Compared with the prior art, the invention has the beneficial effects that: 1. and the multi-person video is synchronously acquired by the multi-view RGB camera, calibration and reconstruction are simultaneously carried out, the equipment is simple, and the flow is simple. 2. The hidden space coding is used for representing human body motion, motion prior information is provided in the optimization process, the dimensionality is reduced, and the optimization solving difficulty is reduced. 3. In the combined optimization process, the accuracy of the camera parameter solution is improved by human body structure prior, physical motion prior and hidden space motion prior. 4. For a video frame with a severely shielded human body, even if two-dimensional joint point constraint is lacked, the result of the frame can be reconstructed by utilizing a physical motion prior and a hidden space motion prior, so that the influence of mutual shielding of multiple people and tracking error on reconstruction is reduced.
Drawings
FIG. 1 is a flow chart of the present invention;
FIG. 2 is a diagram of a hidden spatial motion prior network architecture;
FIG. 3 is a schematic view of a multi-view acquisition system;
FIG. 4 is a schematic representation of a mannequin;
FIG. 5 is a two-dimensional pose estimation versus joint point trajectory results diagram;
fig. 6 is a graph of the reconstruction results.
Detailed Description
The following detailed description of the embodiments of the invention is provided in connection with the accompanying drawings.
The present invention is described in further detail below with reference to the attached drawing figures. As shown in fig. 1, the method for reconstructing a multi-person human body model based on implicit space motion coding according to the present invention includes the following steps:
(1) in the embodiment, the human motion information refers to the posture of a human body at a certain moment, the postures at a plurality of moments form a motion sequence, the skeleton posture is represented by joint point rotation, and the human body mesh deformation is driven by the joint point rotation. For continuous representation of three-dimensional rotation in a deep neural network, for a human skeleton with N joint points, each joint point represents the three-dimensional rotation using 6-dimensional parameters. The 6-dimensional parameter is specifically the first two column vectors of the three-dimensional rotation matrix, and the third column vector only represents the sign, so that the three-dimensional rotation matrix can be obtained by cross-multiplying the first two column vectors. After the network estimates 6-dimensional parameters, the parameters are formed into two column vectors, the two column vectors are subjected to Schmidt orthogonalization, and finally a third column vector is determined through cross multiplication, so that the rotation of each joint point can be represented in a 3 x 3 rotation matrix form. Thus, for a human motion sequence with N skeletal joint points for a T frame, it can be represented by T × N × 6 parameters.
(2) First, a variational self-coding network as shown in fig. 2 is constructed to learn the above-mentioned human motion information, and a hidden space representation of the human motion information is constructed. The encoder consists of an encoding gating cycle unit, a mean value encoding network and a variance encoding network. The decoder consists of a decoding full-connection network and a decoding gating cyclic unit. Taking the T-frame human motion sequence as input, obtaining the mean value and variance corresponding to the sequence through an encoder, sampling from the distribution formed by the mean value and variance, and recovering the sampling code into the input T-frame human motion sequence after passing through a decoder.

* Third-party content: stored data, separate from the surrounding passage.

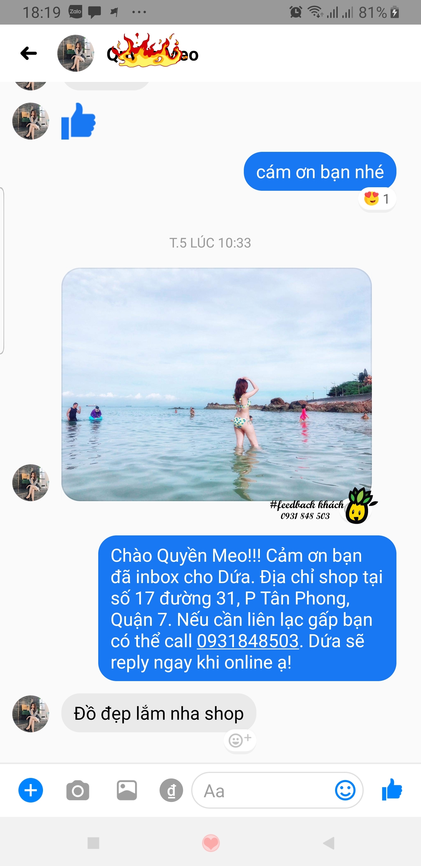 - Cám ơn Chị @Quyền Meo đã gửi #Feedback đến shop, chúc Chị luôn xinh đẹp và vui vẻ. Hy vọng Dứa sẽ luôn đồng hành cùng bạn trong những chuyến đi du lịch thật dễ thương và ngọt ngào 🤗
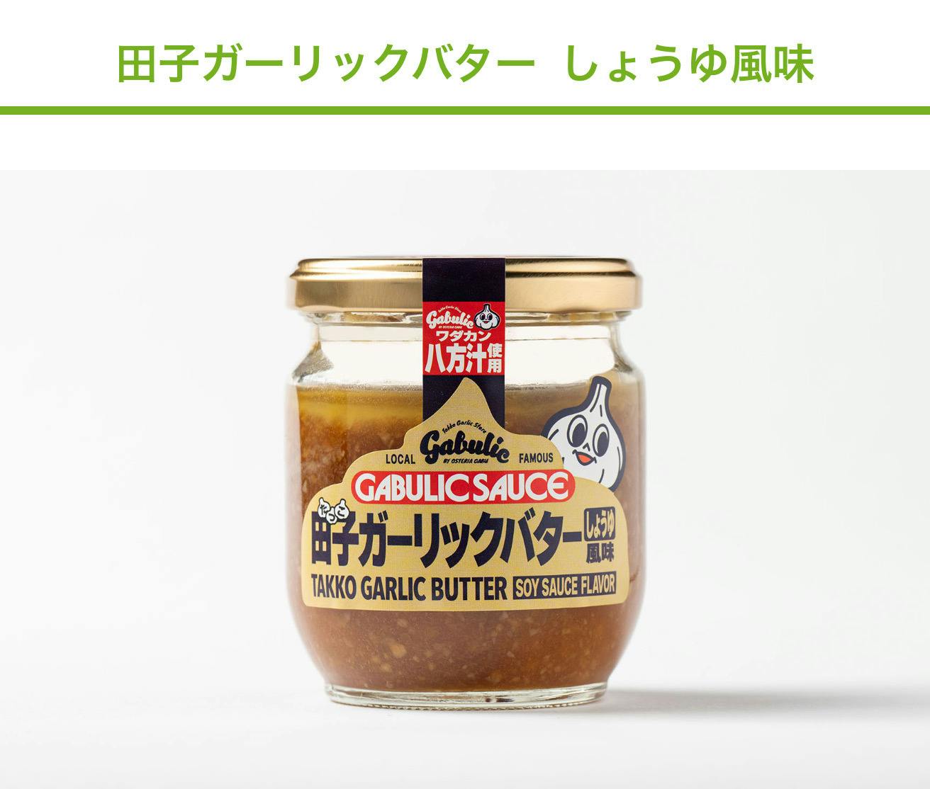 お店で超人気「GBSソース」を瓶詰にした「田子ガーリックバターソース しょうゆ風味」のほか、「田子ガーリックマヨネーズ」、「田子ガーリック味噌バター」の3種類をラインアップ。
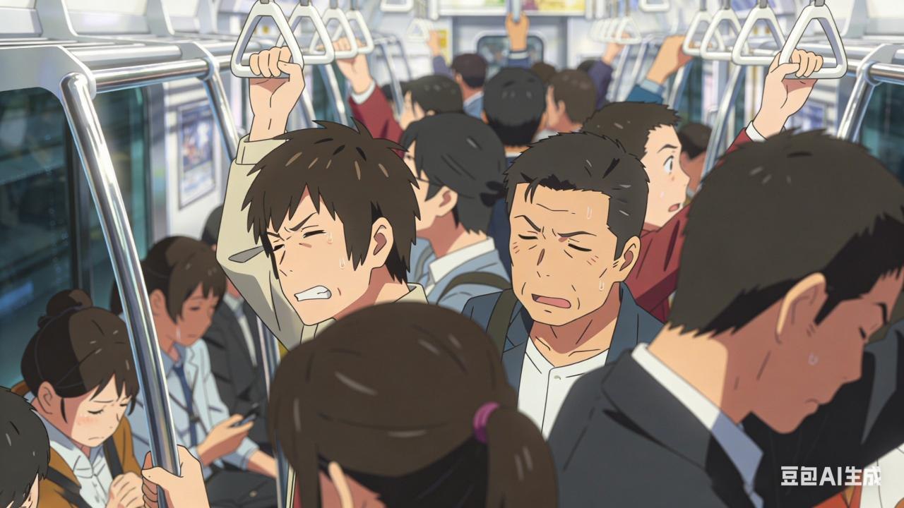 大多数打工人通过公共交通进行通勤。那便引出了另一个并发结局:夹缝式地铁生存。打工人们为了按时上班,不得不在挤上拥挤的公共交通,这对打工人的身体形成物理压迫的同时,在心理上也形成了“拥挤性”排他壁障!
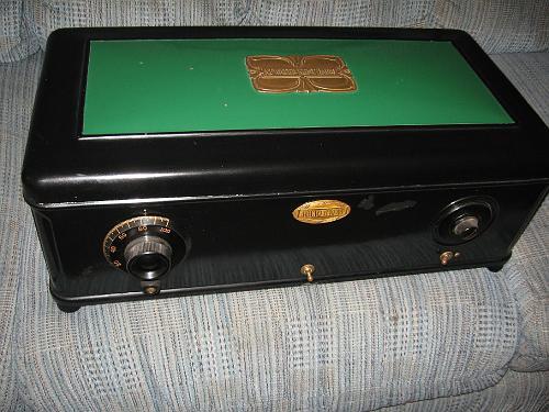 This early AC 1-dial set was nicely made and worked beautifully. Its plain metal case was improved somewhat by its slightly more stylish speaker. The design was unpopular and disappeared after this year. Sold without tubes. slight damage on front

(3) The mean and variance obtained by coding are supervised by a standard normal distribution, and the implicit spatial distribution is constrained by the Kullback-Leibler divergence between the two distributions. The formula is as follows:
Figure BDA0003148001580000061
wherein N (mu, sigma)2) Represents the standard normal distribution, P (x) represents the distribution obeyed by the mean encoding network and the variance encoding network, and KL (P | | | N) represents the Kullback-Leibler divergence between distribution P and distribution N.
Furthermore, the L2 penalty of using the input parameters for the output parameters is further constrained.
Lparam=‖Xin-Xout2
Xin,XoutThe input and output three-dimensional articulation point rotation parameters of the human body |2Denotes a two-norm, LparamRepresenting the L2 loss between the input parameter and the output parameter. To obtain finer motion details, we further drive mesh deformation with rotation parameters, with the L2 loss between the input and output meshes as a constraint:
Lmesh=‖M(Xin)-M(Xout)‖2
m is differentiable covering operation, taking rotation parameters as input, outputting a deformed three-dimensional human body grid, LmeshRepresenting the L2 penalty between the input and output grids.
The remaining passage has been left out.